Whenever we meet with someone for the first time, our first appointment is predominantly spent discussing their goals, objectives, and priorities.  While some people know their financial goals, many people don’t.  In addition to this, we also find that sometimes people think they have clear financial planning goals, when in reality they have what could be more accurately called a ‘wish’ or a ‘dream’.
 
What’s the difference between a wish and a goal?  A goal, or at least a good goal, should meet the following criteria, which can be remembered by the acronym SMART:
  • Specific – is it clear exactly what the outcome is we’re looking for?
  • Measurable – will we know if we are on track, and/or when we are there?
  • Agreed – Is everyone on the ‘same page’ with the goal?
  • Realistic – Is it likely to achieve, given the available resources?
  • Time Based – When does it need to be done by?

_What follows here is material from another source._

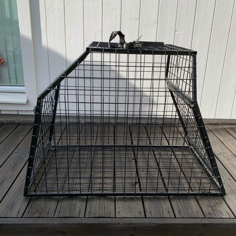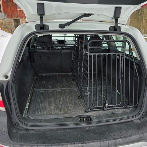 Hundbur för bil med gallerkonstruktion i svart metall. Burens sidor och tak består av rörformade metallstänger och den har en frontöppning med låsbar grind. Konstruktionen är avsedd att placeras i bilens bagageutrymme för att skapa en avgränsad och säker plats för hund under transport. Justerbara fästen upptill och nedtill gör att buren kan spännas fast mot bilens golv och tak.

Let’s have a look at some common examples.  Some of the ‘wishes’ we often hear include:
  • Go on an overseas trip
  • Buy a new car
  • Help my kids out

The first thing we do is give this a bit of a tweak, to turn them into the corresponding goals:
  • Go on a trip at the end of next year which will cost around $10,000.
  • Buy a new car in 2018, with a trade in cost of $20,000.
  • Pay our daughter’s rent of $150 per week for the first year of her university degree.

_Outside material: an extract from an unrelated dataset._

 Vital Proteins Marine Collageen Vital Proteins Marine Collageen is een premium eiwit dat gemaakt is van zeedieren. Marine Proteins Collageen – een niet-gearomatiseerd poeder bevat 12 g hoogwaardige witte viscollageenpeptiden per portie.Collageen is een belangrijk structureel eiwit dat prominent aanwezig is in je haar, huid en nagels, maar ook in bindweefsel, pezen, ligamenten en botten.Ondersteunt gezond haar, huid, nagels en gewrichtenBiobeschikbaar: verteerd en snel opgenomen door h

Now let’s look at a slightly harder one.  Many of our clients list as one of the most important things to them ‘having enough for retirement’.  So how do we turn this abstract ‘dream’ into a concrete ‘goal’?  By simply filling in the blanks on the statement below:
  • You would like to retire at (retirement age) earning an income of (present value of retirement income needs) in today’s dollars. Assuming an indexation rate of 3%, over (years to retirement), this equates to you requiring (future value of retirement income needs) in the first year of your retirement.  Based on an assumed rate of return of (average investment return on retirement savings), requires a capital base of approximately (total retirement savings) in (month and year of retirement).

While calculating all of the parts of this may not be necessarily be easy, there’s no denying that it’s simple.  By the end of our first appointment, everyone who comes to see us to discuss retirement planning leaves with a SMART retirement goal.
The important thing from our perspective is that these goals have to come first.  The example that I always give is that getting financial planning advice without your financial adviser knowing your goals, is like your travel agent booking a trip for you without knowing where you want to go.

In both cases, you might end up where you wanted to go… but it’s highly unlikely.